A sense of place has always been central to crime fiction — what would Spenser be without gritty Irish Boston, or Philip Marlowe separated from shadowy, rain-slicked Los Angeles? Now, Long Island has its own laureate of the LIE in the form of Reed Farrel Coleman and his hard-bitten sleuth Gus Murphy.

“What You Break” is the second installment in the bestselling author’s new series, after last year’s “Where It Hurts.” Murphy is a hard-boiled ex-cop with a blasted past and a heart full of grief, and the new novel begins with him witnessing a gang-style execution on a desolate back street in Brooklyn. What ensues is a deadly deep dive into a sinister underworld and a path leading backward from an apparently random killing all the way to the jungles of Vietnam.
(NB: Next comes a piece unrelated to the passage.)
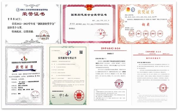 课余时间,曾韦淮秉持研、赛、创一手抓原则。2022年8月,参加湖南省第十届大学生创业计划竞赛,获得“铜奖”;2023年5月,主持2022年省级创新训练项目“追踪碳足迹,聚力零碳排—基于‘双碳’战略下个人碳排放的追踪与探究”,此前以第一作者在《科学与财富》省级学术期刊上发表《“双碳”战略下娄底市居民碳足迹的影响因素研究》一文,项目按既定目标既定时间段完成了各项任务,圆满结题;2023年12月,以科技作品“‘焦’淡如水—一种能有效去除焦油的生物质气化炉”参加湖南省首届大学生节能减排社会实践与科技竞赛,获得省级“三等奖”,2024年4月成功将该科技作品申批为实用新型专利。这些荣誉充分展现了他的专业知识、创新能力和勇于探索的精神风貌,毕业后,曾韦淮也将带着这份荣誉,踏上他新的逐梦之旅。

Meanwhile, Murphy is grieving the recent death of his son and juggling a tentative romance with a bartender-turned-actress with dreams of her own.

Coleman, who lives in Lake Grove and teaches part-time at Hofstra, establishes the noir landscape — a colorful demimonde of fleabag hotels, rundown tenement apartments, cheap ethnic restaurants, seamy pickup bars “for the cheap-beer-and-cigarette crowd” and the endless traffic-choked freeways — with complete authority. (Murphy even dismisses one proffered motive for the book’s central murder as “the concoction of a Newsday reporter.”)

It’s not just the details Coleman gets right, it’s the whole structure of class, race and money. “If you listened closely enough,” Murphy muses, “you could almost hear the official island mantra beneath the crashing of the waves along the South Shore beaches: I want, I want, I want.” The railroad tracks separating an affluent Bellport neighborhood from a poorer one “might just as well have been a wall or a moat.”

Murphy crisscrosses this desolate landscape with increasing urgency, as the threats and violence escalate and the sense of circling danger tightens. Everyone he meets seems damaged or broken in some essential way, scarred by a violent past, a romance gone sour, a prison sentence, a police scandal.

One of the attractions of the crime novel in general is how, for all its chaos and violence, it functions within a set of strictures and conventions that are, in their own way, as deeply codified as those of Restoration drama. Coleman fulfills two of the genre’s fundamental dictums — that the protagonist must be a damaged person with a dark past, and that the instigating incident must be but one end of a long and tangled skein. And in the tradition of down-at-heels gumshoes everywhere, Murphy is a stolid dispenser of fatalistic bar-stool philosophy: “We all come into the world in pretty much the same way, yet there are many, many ways to leave it. And leave it we will, inevitably and alone.”

If the novel has a downside, it lies in the way that Coleman’s plot gets away from him at times; he seems to think that the solution to any narrative dead end is to pile on another horrific buried secret. The book goes on for about 50 pages longer than it needs to, and this reader unraveled the mystery a fair bit sooner than the protagonist did — never a good sign. (I could also have done without the wise Irish priest who calls Murphy “boyo” and says things like “Who among us asks for what we really get, Gus? It is our fate.”)

That said, “What You Break” is never dull, and the climax, when it arrives, is a corker — tensely narrated and genuinely dramatic. And Coleman has the cunning to leave much of Gus’ past clouded in secrecy, ripe for future revelations — and adventures.